Standing watch is Andy Goeler, an Anheuser-Busch Cos. veteran who launched his beer career at a Newark, N.J., beer wholesaler two decades ago. Mr. Goeler, brand director, has worked on Bud Light for five years and run it for two.

Last year, Bud Light sales jumped 11% to 29,000 barrels, far exceeding industry growth or that of Budweiser, whose volume dipped 3%, according to Beer Marketers Insights. Annual volume sales have increased at double-digit rates since 1990.

Advertising that has remained humorous and relevant to the 21- to 27-year-old target is the primary reason for the brand's growth.

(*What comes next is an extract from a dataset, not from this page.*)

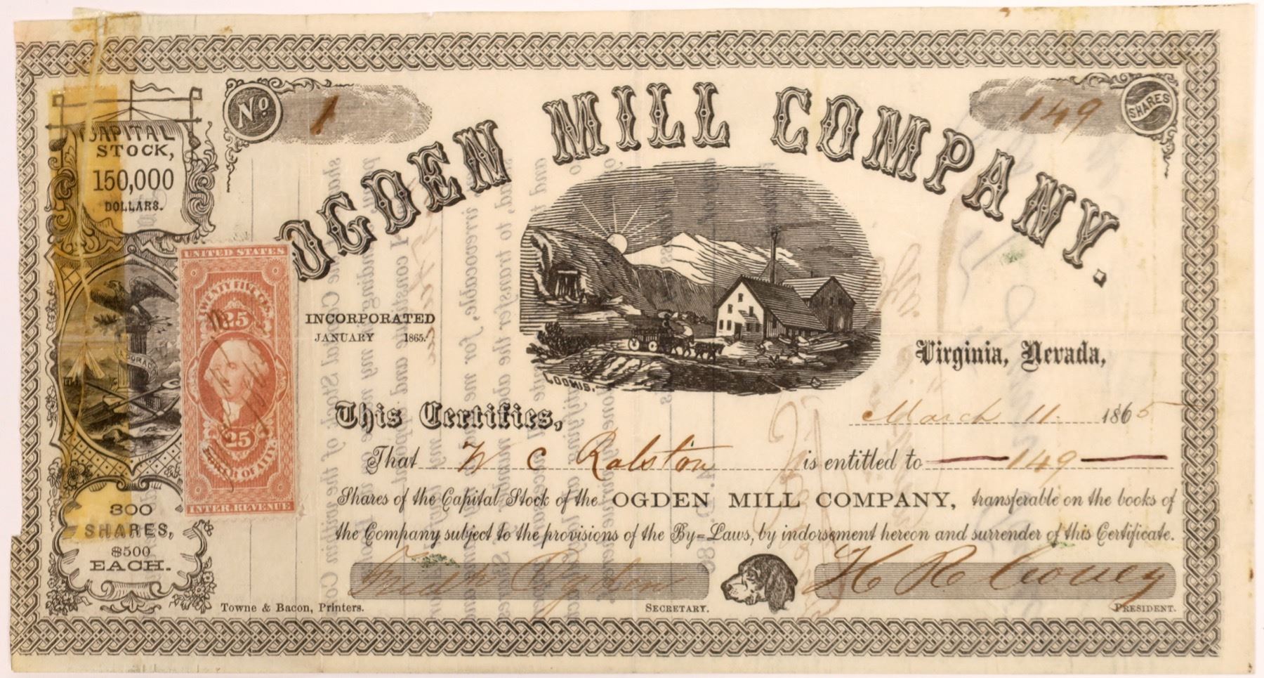 # 1 for 149 shares to W. C. Ralston. William Ralston endorses the certificate on the reverse. Dateline Virginia, March 16, 1865. Incorporated January 1865. Signed by secretary Fred Ogden (as in name of the company). On reverse is also a signature by George T. Finn who was an attorney to the bankers Statler & Arrington. Printed by Towne & Bacon. Brown 25c Power of Att'y revenue stamp. Three vignettes: 1) eagle on a column with the words 'El Dorado', 2) Loomis signed vignette of miners with tools and of an ore card. and 3) dog's head. Left side has a 3/4" tear and some aging. Another small tear to left of shares and left side cut unevenly. The Ogden & Milson Mill was in operation by November of 1860 in the Utah Territory [Kelly, 1st Nevada Directory]. In 1864 this mill was re-named and re-structured. It is an example how William Ralston, William Sharon and the Bank of California crowd controlled Comstock mining and made millionaires of themselves. Biography of Ralston and history of the mill included!

"It's not like you have to be a marketing genius. It's pretty simple. It's all about having fun. You just have to keep understanding what is fun to contemporary adults as you continue to age," he says.

To make sure Bud Light doesn't fall off its decade-long tear, the 42-year-old Mr. Goeler has tweaked TV advertising to include an exploding bottle cap to play off the refreshment theme, and he has expanded regional marketing efforts to make the brand more relevant. Ad spending has also grown at double-digit rates, Mr. Goeler says.

As brand director, Mr. Goeler says he spends 80% of his free time in bars and about half the month on the road, talking to consumers, retailers and distributors.

"If you don't constantly monitor it, that market will slip away," he says.